From: <noah_mendelsohn@us.ibm.com>
Date: Mon, 30 Aug 2004 12:31:31 -0400
To: "DuCharme, Bob (LNG-CHO)" <bob.ducharme@lexisnexis.com>
Cc: "'xmlschema-dev@w3.org'" <xmlschema-dev@w3.org>
Message-ID: <OF194F8219.871DB375-ON85256F00.005A6609@lotus.com>

Bob Ducharme writes:

>> Correct me if I'm wrong: because its use must be at the top level of a 
content model, we can define a content model like (a & b & c & d), but not 
(a, (b & c & d)), right? 

Right.  One way to think about it is that <xsd:all> provides for elements 
more or less the same rules one applies to attributes:  you can specify 
that you want the elements to occur exactly once (minOccurs="1" 
maxOccurs="1") or at most once (minOccurs="0" maxOccurs="1"), and in any 
order. 

A FAQ is why these limitations were made.  The short answer is:  because 
with these limitations, <xsd:all> can be implemented with much simpler 
techniques than a more generalized & as in your second example.  Indeed, 
the schema WG was initially reluctant to provide <xsd:all> at all, but 
agreed on the "exactly once/at most once at the top level" as a compromise 
that would be useful in many circumstances but tractable to implement.

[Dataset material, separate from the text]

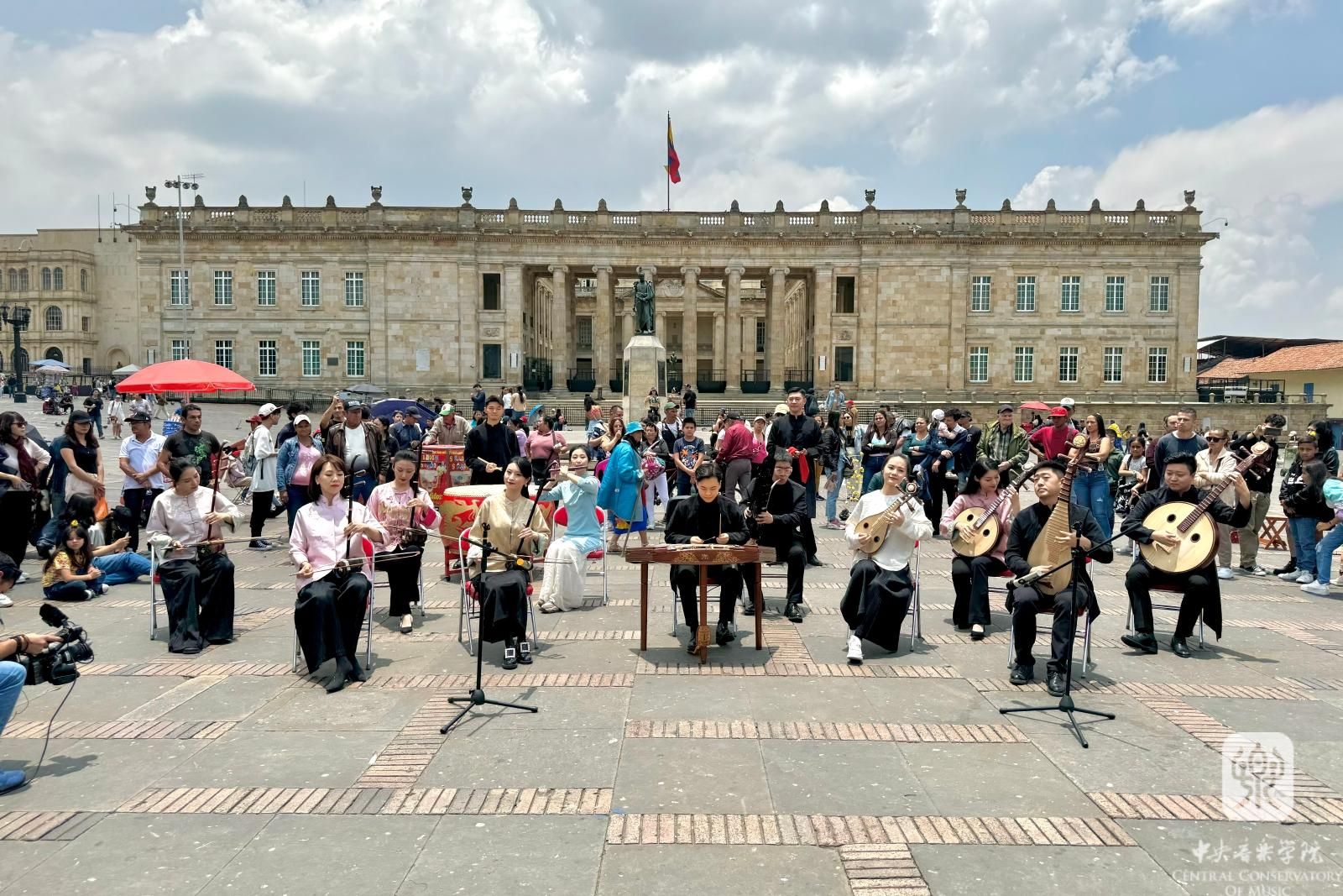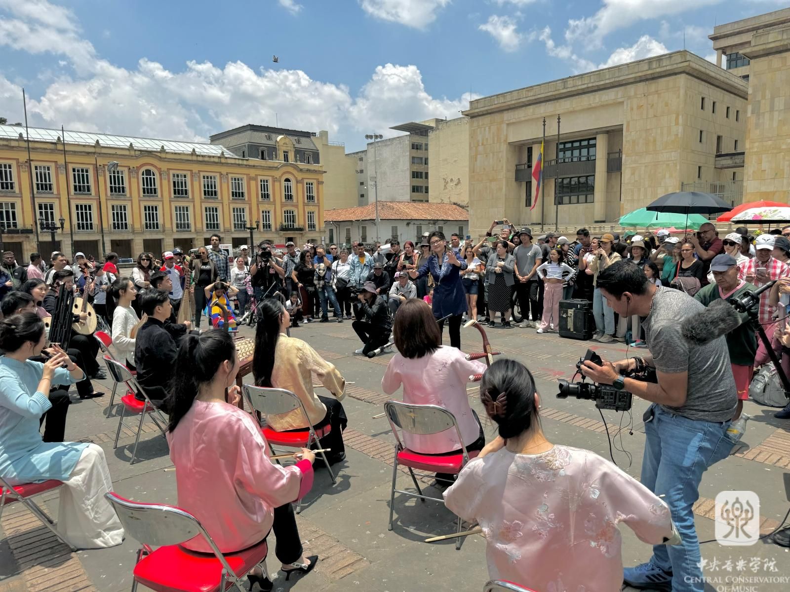 演出之余,77779193永利集团民族室内乐团在玻利瓦尔广场举办“快闪”演出,在哥伦比亚总统府、国会等地标性场所旁让当地民众近距离切身感受中国民乐的独有魅力和中国音乐家的风采。央视驻站记者和当地媒体全程录制,并在央视、使馆推特号和脸书号等国内外主流媒体和新媒体平台上广泛宣传,浏览播放量达30余万次,有力传播了中国民族音乐现代化发展的时代新声。

Note that nothing in Schema can change the basic rules of XML Infoset, 
which is that element order is significant.  So, (A&B) validates:

<A/><B/>
<B/></A>

but it doesn't guarantee that the application can't learn anything useful 
from the order.  That's different from attributes, where the Infoset 
conveys no ordering information.  In practice, <xsd:all> is often used in 
situations where the application indeed does not care about the order of 
elements, but it can in principle be used anytime that all possible orders 
are legitimate.

--------------------------------------
Noah Mendelsohn 
IBM Corporation
One Rogers Street
Cambridge, MA 02142
1-617-693-4036
--------------------------------------








"DuCharme, Bob (LNG-CHO)" <bob.ducharme@lexisnexis.com>
Sent by: xmlschema-dev-request@w3.org
08/30/2004 10:19 AM

 
        To:     "'xmlschema-dev@w3.org'" <xmlschema-dev@w3.org>
        cc:     (bcc: Noah Mendelsohn/Cambridge/IBM)
        Subject:        restrictions on use of xs:all?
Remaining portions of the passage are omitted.